Your Insurance Payout Will Now Come After A Tax Cut!


For policies taken between April 1, 2003, to March 31, 2012, the condition was that the premium shall not exceed 20 percent of the actual capital sum assured. The clauses were not applicable if the amount received was on account of the death of an insured.

"The actual capital sum assured excludes the value of any premium agreed to be returned, as also benefit by way of bonus or otherwise that is over and above the policy amount," said C.L. Baradhwaj, senior vice president, Bharti Axa Life Insurance told IANS.

While life insurers try to ensure that the premium amount is compliant with the Income Tax Act at the product-design stage itself, there are some set of policyholders who could be affected by the new provisions, Baradhwaj said.

"All single-premium policies would be the immediate casualty, as the premia paid in one instalment would generally exceed 10 percent of the sum assured," he said.

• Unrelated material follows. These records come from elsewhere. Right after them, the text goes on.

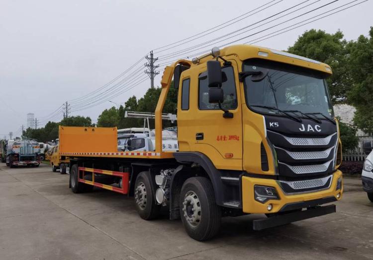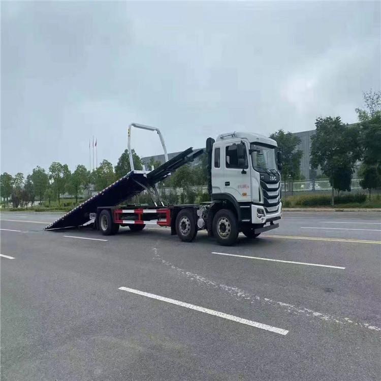 江淮K5小三軸,錫柴290馬力,法士特8檔變速箱 11.00輪胎,280大梁,空調(diào),ABS,行駛記錄儀,電動(dòng)玻璃升降,電動(dòng)翻轉(zhuǎn),氣囊座椅。 12噸上裝,12噸后托臂,重心低,受力平均,平板尺寸9.6米,平板寬2.55米,10噸液壓卷揚(yáng)。 湖北程力國六江淮K5小三軸平板清障車(平板長度9.6米)程力牌CL5250TQZH6ZQ型清障車圖片價(jià)格: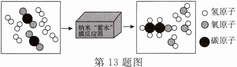 13. 我国科学家在国际上首次以$CO_{2}$和$H_{2}$为原料,在构筑的纳米“蓄水”膜反应器中实现了二氧化碳在温和条件下一步转化为乙醇的反应,该反应微观示意图如下。下列有关说法中不正确的是(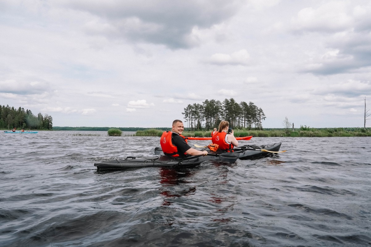 На днях побывали на прогулке на каяках. Несмотря на то, что поначалу было страшно и немного сложно, положительных впечатлений осталось гораздо больше. Никита всё подробно рассказал о технике безопасности, объяснил как правильно работать веслом. Сама прогулка прошла в неспешном темпе, была возможность насладиться природой, покушать ягоды на островах и даже походить по топкому болоту. P.s. Отдельно хотелось бы обратить внимание на то, с каким увлечением Никита провёл прогулку, столько всего рассказал. Видно, что человек любит своё дело.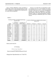 Drucksache 17 / 16 063 Schriftliche Anfrage 17. Wahlperiode Schriftliche Anfrage des Abgeordneten Joschka Langenbrinck (SPD) vom 04. April 2015 (Eingang beim Abgeordnetenhaus am 27. April 2015) und Antwort Straßensanierungsprogramm in den Bezirken Im Namen des Senats von Berlin beantworte ich Ihre In dem Doppelhaushalt 2012/2013 waren die Mittel Schriftliche Anfrage wie folgt: für die Straßensanierungsprogramme bei der Senatsver- waltung für Finanzen etatisiert. Die Steuerung des Pro- Bei über 1000 Einzelmaßnahmen würde ihre Auflis- gramms erfolgte mit der Senatsverwaltung für Stadtent- tung den Rahmen einer Schriftlichen Anfrage überschrei- wicklung und Umwelt. ten. Deshalb erfolgt die tabellarische Darstellung nach Bezirken. Im Jahr 2012 konnten infolge des späten Haushaltsbe- schlusses „nur“ 95 Sanierungsmaßnahmen mit einem Frage 1: Welche Maßnahmen wurden mit Mitteln in Volumen von 13,3 Mio. € ausgeführt werden. Von der welcher Höhe jeweils in den einzelnen Bezirken und in Senatsverwaltung für Finanzen wurden 11,7 Mio. € für 68 den einzelnen Jahren seit Bestehen des Straßeninstandset- angemeldete Straßeninstandsetzungen in das Jahr 2013 zungsprogramms des Landes Berlin durchgeführt? übertragen (siehe Tabelle 1) Antwort zu 1: In den Jahren 2010 bis 2015 wurden In den Jahren 2010 bis 2013 wurden ausschließlich jährlich 25. Mio. € für die Straßeninstandsetzung als Son- Fahrbahnsanierungen durchgeführt. derprogramm bereitgestellt. Die Verteilung der Mittel erfolgt nach dem Anteil der Bezirke am Berliner Straßen- Im Doppelhaushalt 2014/2015 sind die Mittel bei der land. Die Mittel wurden den bezirklichen Tiefbauäm- Senatsverwaltung für Stadtentwicklung und Umwelt im tern/Straßen- und Grünflächenämtern zur auftragsweisen Kapitel 1255 Titel 52130 Sonderprogramm Straßensanie- Bewirtschaftung übertragen (siehe Tabelle 1 und 2). rung eingestellt. In den Jahren 2014 und 2015 wurden von der Senatsverwaltung für Stadtentwicklung und Umwelt In den Jahren 2010 und 2011 wurden die Mittel in auch Sanierungsarbeiten im Gehwegbereich zugelassen. zwei Stufen bereitgestellt. In Stufe 1 wurden ausschließ- lich Fahrbahnen von Straßen des Hauptstraßennetzes 1 gemäß StEP -Verkehr saniert und es erfolgte die Steue- rung durch die Senatsverwaltung für Stadtentwicklung und Umwelt in Zusammenarbeit mit den bezirklichen Tiefbauämtern. In der Stufe 2 konnten die Bezirke selbst entscheiden in welchen Straßen Fahrbahnsanierungen ausgeführt werden (siehe Tabelle 1). 1 Stadtentwicklungsplan Die Drucksachen des Abgeordnetenhauses sind bei der Kulturbuch-Verlag GmbH zu beziehen. Hausanschrift: Sprosserweg 3, 12351 Berlin-Buckow · Postanschrift: Postfach 47 04 49, 12313 Berlin, Telefon: 6 61 84 84; Telefax: 6 61 78 28.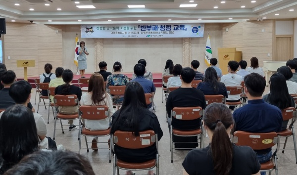 대구 북구청(청장 배광식)은 8월 26일(금) 구청 4층 대회의실에서 신규임용자 및 승진자를 포함한 직원 140여 명을 대상으로 2회에 걸쳐 ‘반부패·청렴 교육’을 실시했다.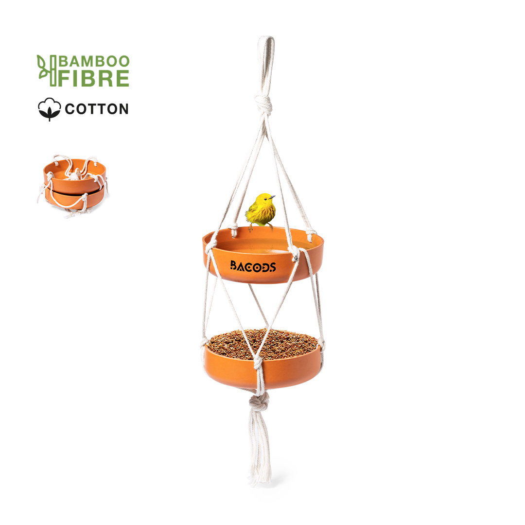 Con due contenitori in fibra di bambù (ciascuno di 15 x 4 cm) e una robusta corda di cotone naturale.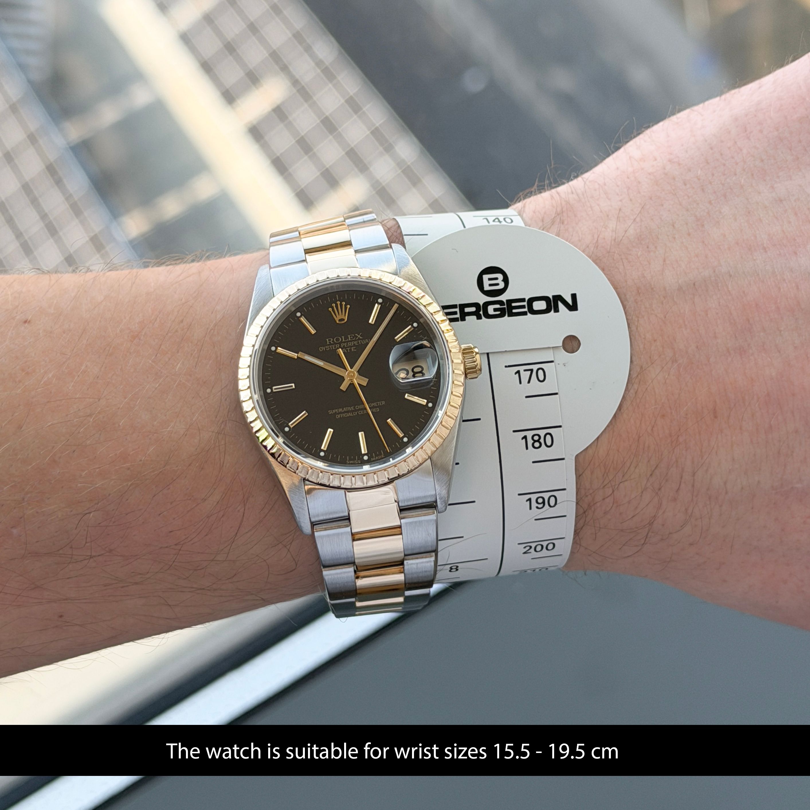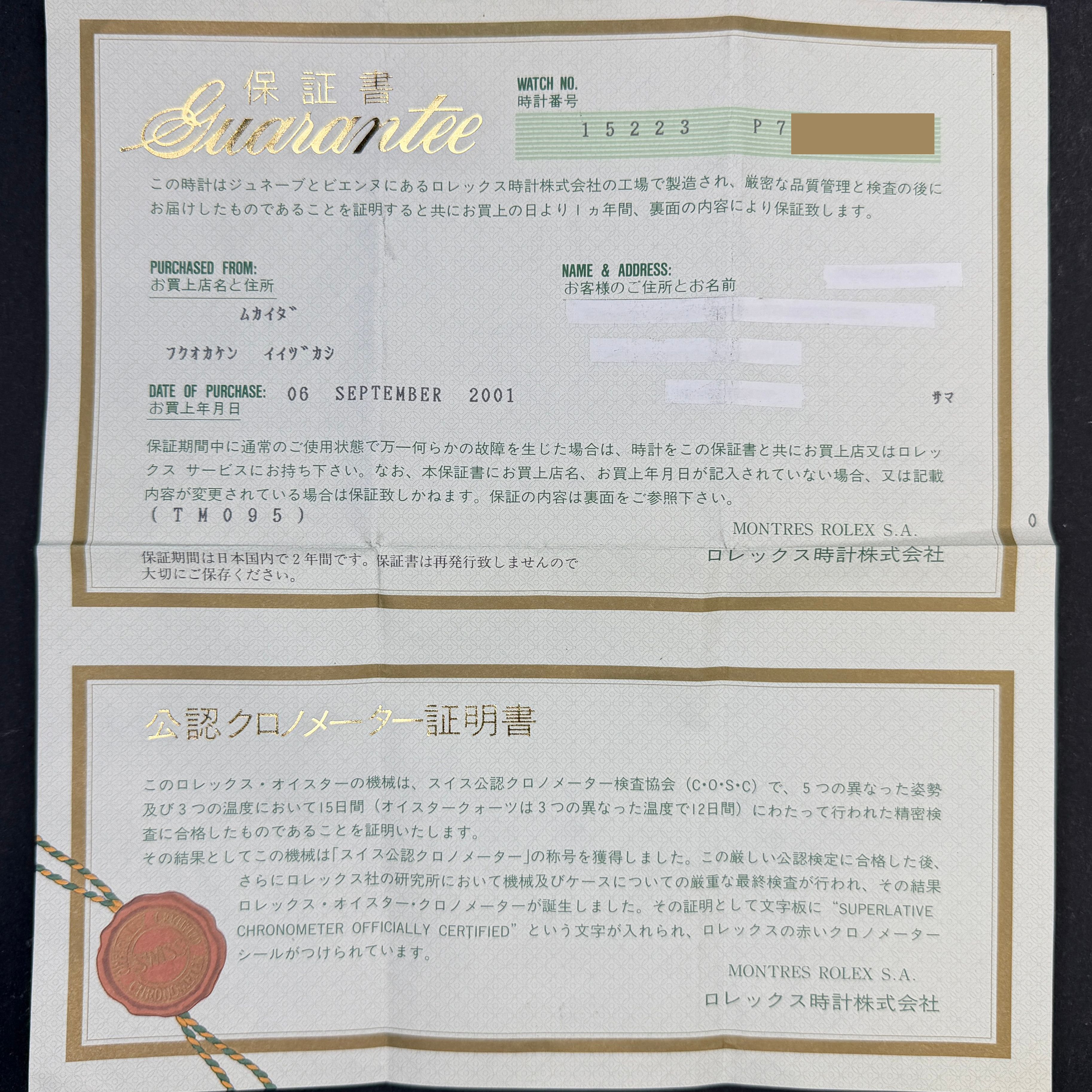 This Rolex Oyster Perpetual Date 15223 features a Black dial and is crafted from 18K yellow gold and stainless steel, with a production year of 2000.Case No: P78XXXX
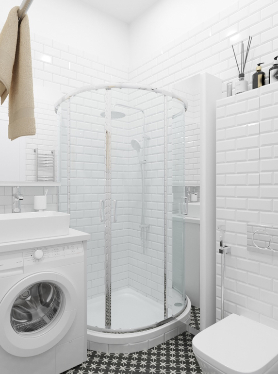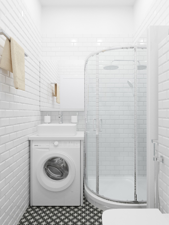 Мне очень напольная плитка понравилась. Смущает стиральная машина - зазоров нет на вибрацию и достаточно ли 50 см для всех коммуникаций? Если помните, что за модель раковины? Не видела таких для стиралок.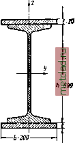 Главная --> Промиздат --> Коэффициент поперечной деформации iSl [Oj получаем: -,У32М 7-32-167 ООО Пример 60. Двутавровая балка >fe 45 пролётом / = 6 шарнирно опёрта по концам и несёт равномерно распределённую нагрузку = 2 т1м (включая и собственный вес). Какой сосредоточенный груз Р можно дополнительно приложить к этой балке на расстоянии а==- от левой опоры при допускаемом напряжении [о] = 1400 K2lcM> Для определения величины добавочного груза Р необходимо найти величину наибольшего изгибающего момента в функции от Р и . Сечениями, где M = Mj предположительно могут быть: сечение в точке приложения силы Р, где изгибающий момент от этого груза достигает максимума; сечение посредине пролёта, где мы имеем Aijnax распределённой нагрузки, и, наконец, сечение 3-3, расположенное между первыми двумя. Опорные реакции будут: левая Л = + = + 1р. ql , Ра ql , Р правая В= + - =:Ц-\--. Изгибающий момент в сечении / - / под силой =(т+1 ) I - f 4=I +й =(-5+ 25) в сечении 2-2 посредине пролёта: Iql , Р\ I ql I ql PI , -.ч Для промежуточного сечения 3 - 5, проведённого в расстоянии х от правой Взяв производную от Мз по л: и приравняв её нулю, найдём абсциссу x = Xq сечения, где = Mj: = -.-. + = 0. охкуда = 4 + Подставляя полученное значение дг, в выражение для Afj, получим: ql I I , Р\ д ( I , ру , Р 11 ,Р\ (l,P\lql ql Р,Р\ 11,Р\1я1,Р\(о,Р\*М Наибольший изгибающий момент равен M3=Pa = 6,25 .0,267 = 1,67 тм. Момент сопротивления сечения \==. Из условия прочности ni § 90] ПРИМЕРЫ Величина допускаемого изгибающего момента должна быть: [Л1][а1.и= 1400.1220= 17,1.10 кгсм=\7,\ тм. Приравнивая это значение момента полученным выражениям для Mi и Л1 находим три значения силы Р: 1,125 2- Рз=(>АЩ з).8 = 9,1 г. Наименьшее из этих значений и будет допустимым: Р = 9,1 т. Пример 61. Подобрать двутавровое сечение балки на двух опорах пролётом 1=4 лг, загруженной равномерно распределённой нагрузкой =2 tjm и сосредоточенной силой посредине пролёта Р = 5,3 г при допускаемом напряжении [а] = 1600 кг/см. Вследствие симметрии изгибающий момент будет иметь наибольшее значение посредине пролёта. Величину его найдём по методу сложения действия сил, пользуясь выражениями (12.10) и (12.11): + = 9,3 тм = 9,3. 105 см. 5,3-4 Из условия прочности необходимый момент сопротивления сечения балки: 930000 1600 = 580 см\ ![]() Ближайший по сортаменту (ГОСТ 8239-6) номер профиля, удовлетворяющий этому условию, двутавр Jsfe 33; Vr = 597 сл£ (см. приложение IX, табл. 3). Пример 62. Какую равномерно распределённую нагрузку можно приложить к мостовой балке пролётом / = 10 Л£, свободно лежащей на двух опорах, при допускаемом напряжении [а] = 1400 /сг/см? Сечение балки состоит из двутавра 60, усиленного двумя Фиг. 208. приваренными к нему листами 200 х 20 мм (фиг. 208). Момент инерции сечения балки относительно нейтральной оси у определяется как сумма моментов инерции двутавра и двух листов полок. Для определения момента инерции полок воспользуемся формулой перехода к параллельным осям; для двутавра - по сортаменту (ГОСТ 8239-56): :75 450 + 2 20.2 12 + 20.2 (30 + 1)2 = 152 500 см*. Момент сопротивления сечения равен: , Jy 152 500 3 U7=-=-- :tf4770 см. Наибольший изгибающий момент -Мгпах= g условия прочности отк\да ,8 fal . \Г 8 - 1400.4770 10-. 100 ; 53,5 кг-см = 5,35 г/ж. Имея в виду, что вес двутавра составляет 104 кгсм (см. приложение IX, табл. 3), а двух листов 2 20 2 100 0,00785 = 63 лгг/лг, получаем собственный вес балки 104 + 63= 167 лгг/л/; тогда допускаемая (полезная) нагрузка будет: q z= 5350- 167 == 5183 кг!мЪ,2 т;м. Пример 63. Определить момент инерции и момент сопротивления сечения, изображённого на фиг. 209, о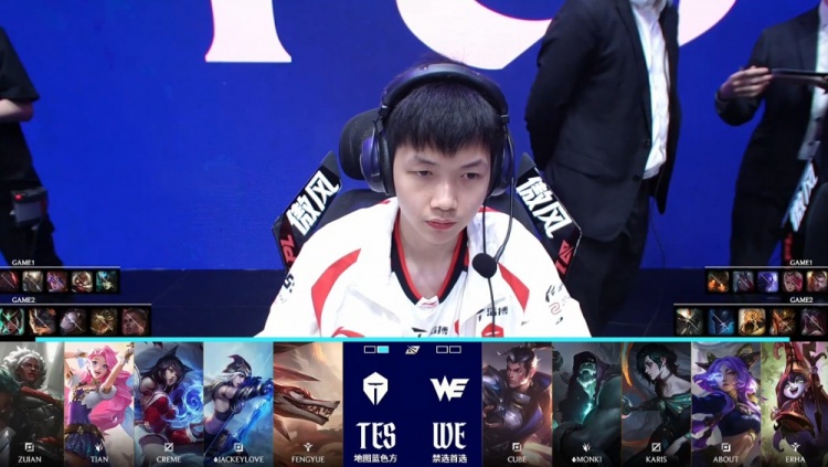 最终TES拿到大龙冲上WE高地推掉中上两路水晶,哥哥艾希一箭击中Monki赵信配合fengyue萨勒芬妮大招,大军压境,TES强行推平WE基地拿到比赛胜利。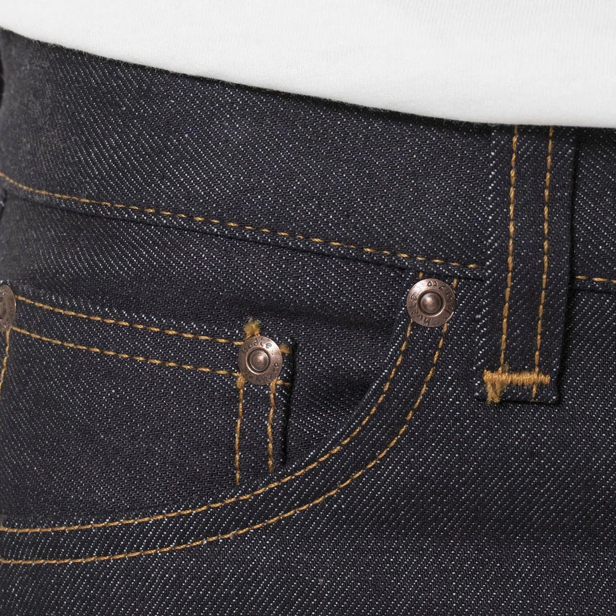 Steady Eddie II hat eine normale Passform mit mittlerer Bundhöhe und Platz für Gesäß und Oberschenkel – optimal für diejenigen, die etwas mehr Bewegungsfreiheit wünschen. Am Beinabschluss wird dieses Modell enger, was ihm eine klassische, nach unten hin schmaler werdende Silhouette verleiht. Dieses Modell ist in den Varianten Dry Denim, Selvage Denim, vorgewaschener Denim und schwarzer Denim erhältlich.

He said it is possible that people could be paying premia higher than the 10-20 percent limit set by the new provisions on account of their personal health, as also many other reasons. In such cases, too, the TDS liability could arise.

"It is important to note that a person aged, say, 50 years, pays a higher premium for the same sum assured when compared to a person who is 35 years old. Higher the age, higher risk and higher the premium," Baradhwaj added.